#### Aim of the task
Exact reproduction is required for the lines below starting at the line with "2025年3月学生参加广东省职业院校大赛-直播电商技能赛项获三等奖" and ending at the line with "Citation: J Periodontol.", both included. No other lines, and no pictures.

#### Dataset excerpts
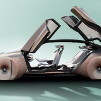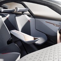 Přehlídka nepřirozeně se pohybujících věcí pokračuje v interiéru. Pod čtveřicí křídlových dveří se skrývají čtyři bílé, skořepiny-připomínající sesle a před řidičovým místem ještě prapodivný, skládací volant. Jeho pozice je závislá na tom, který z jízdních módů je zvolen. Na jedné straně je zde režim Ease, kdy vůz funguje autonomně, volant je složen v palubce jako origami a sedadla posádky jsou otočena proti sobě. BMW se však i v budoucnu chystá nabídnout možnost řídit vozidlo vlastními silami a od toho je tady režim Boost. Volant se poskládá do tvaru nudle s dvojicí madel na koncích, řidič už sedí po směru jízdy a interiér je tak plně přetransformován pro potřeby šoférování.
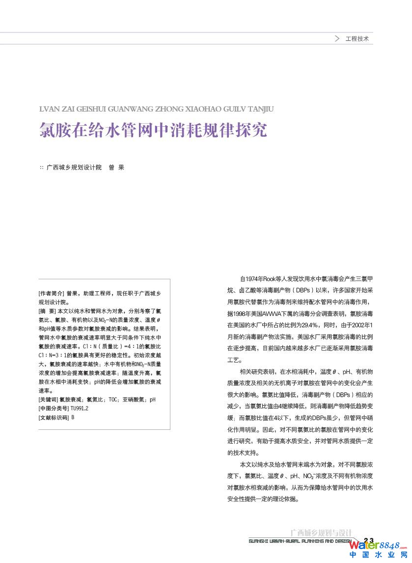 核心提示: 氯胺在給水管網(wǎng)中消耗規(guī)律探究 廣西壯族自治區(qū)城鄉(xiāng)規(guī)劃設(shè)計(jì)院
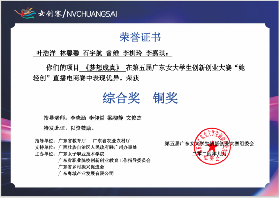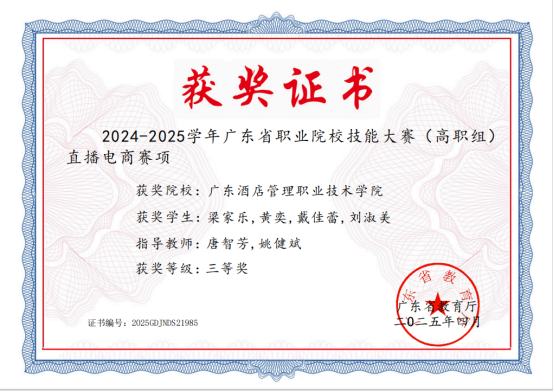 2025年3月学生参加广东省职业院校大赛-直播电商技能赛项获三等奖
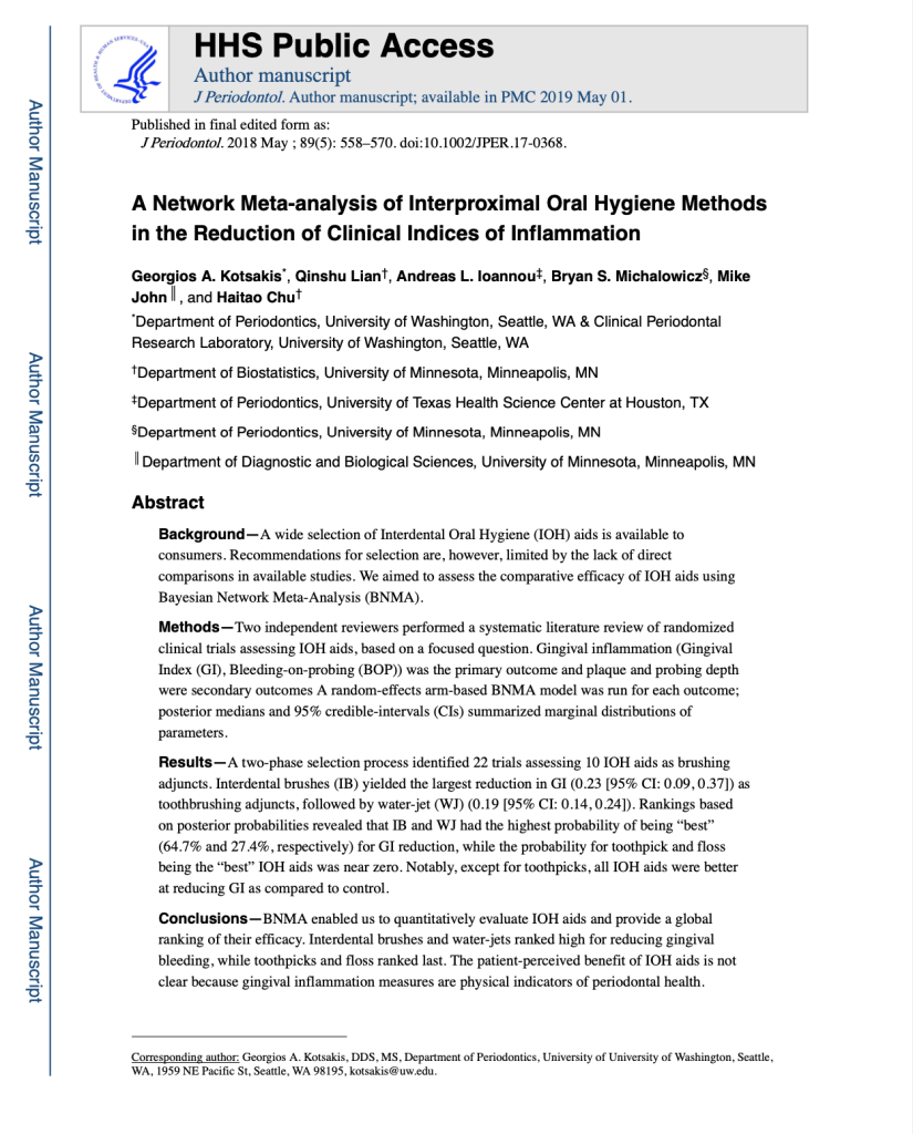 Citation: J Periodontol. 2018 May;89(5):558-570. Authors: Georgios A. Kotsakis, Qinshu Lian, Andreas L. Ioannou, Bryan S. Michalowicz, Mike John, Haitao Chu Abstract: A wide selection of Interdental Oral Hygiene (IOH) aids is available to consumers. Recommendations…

--

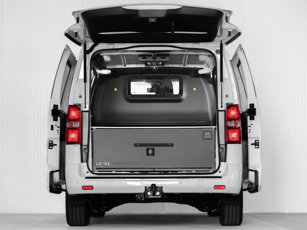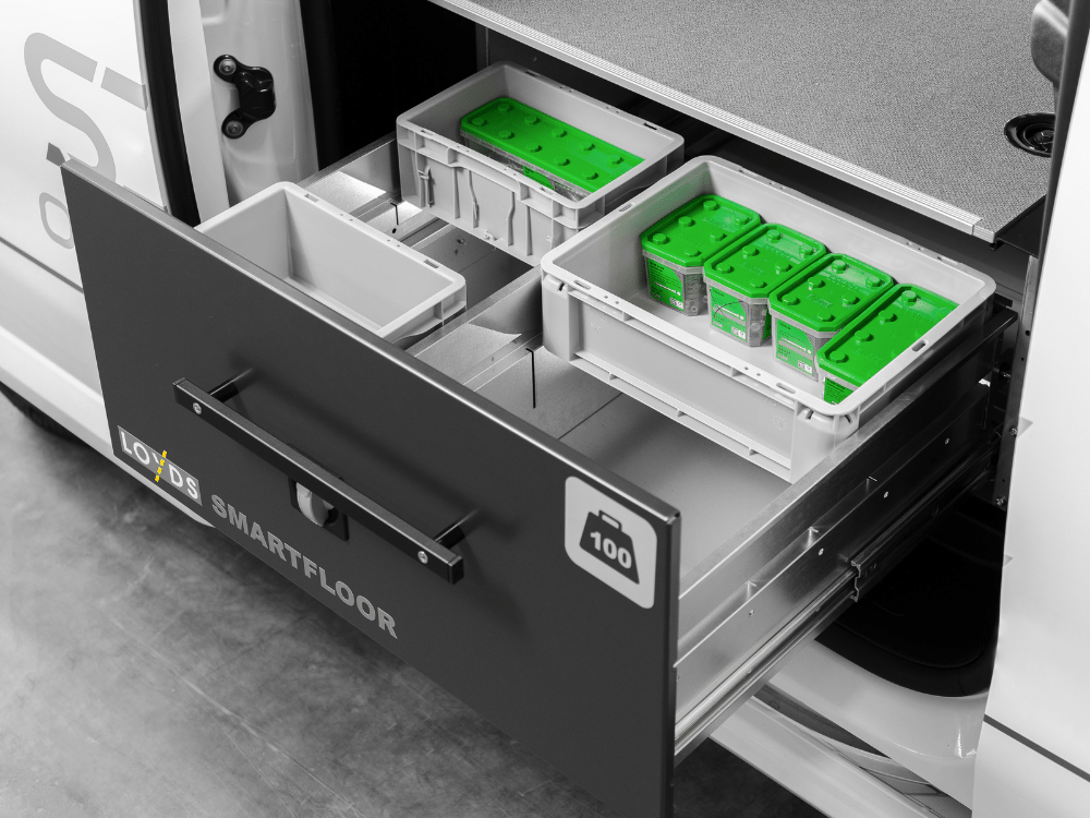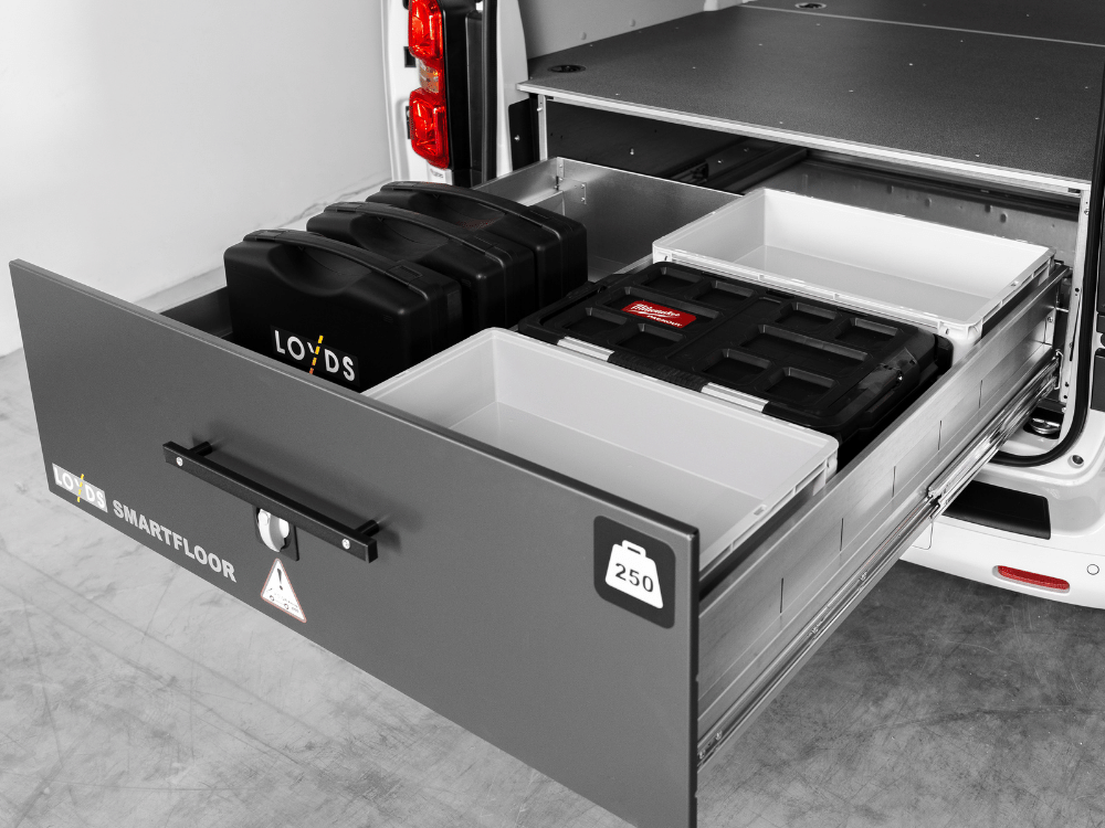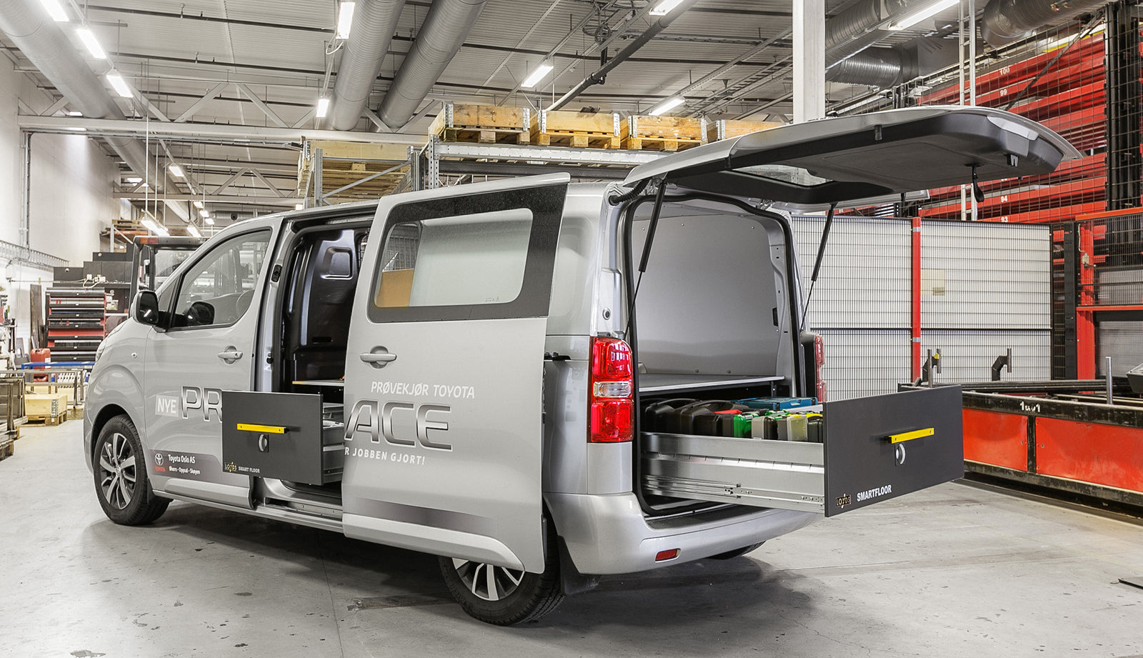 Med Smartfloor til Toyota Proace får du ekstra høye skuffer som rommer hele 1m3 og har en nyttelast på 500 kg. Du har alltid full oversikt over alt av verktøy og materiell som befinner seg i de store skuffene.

#### Answer area
 2025年3月学生参加广东省职业院校大赛-直播电商技能赛项获三等奖
 Citation: J Periodontol. 2018 May;89(5):558-570. Authors: Georgios A. Kotsakis, Qinshu Lian, Andreas L. Ioannou, Bryan S. Michalowicz, Mike John, Haitao Chu Abstract: A wide selection of Interdental Oral Hygiene (IOH) aids is available to consumers. Recommendations…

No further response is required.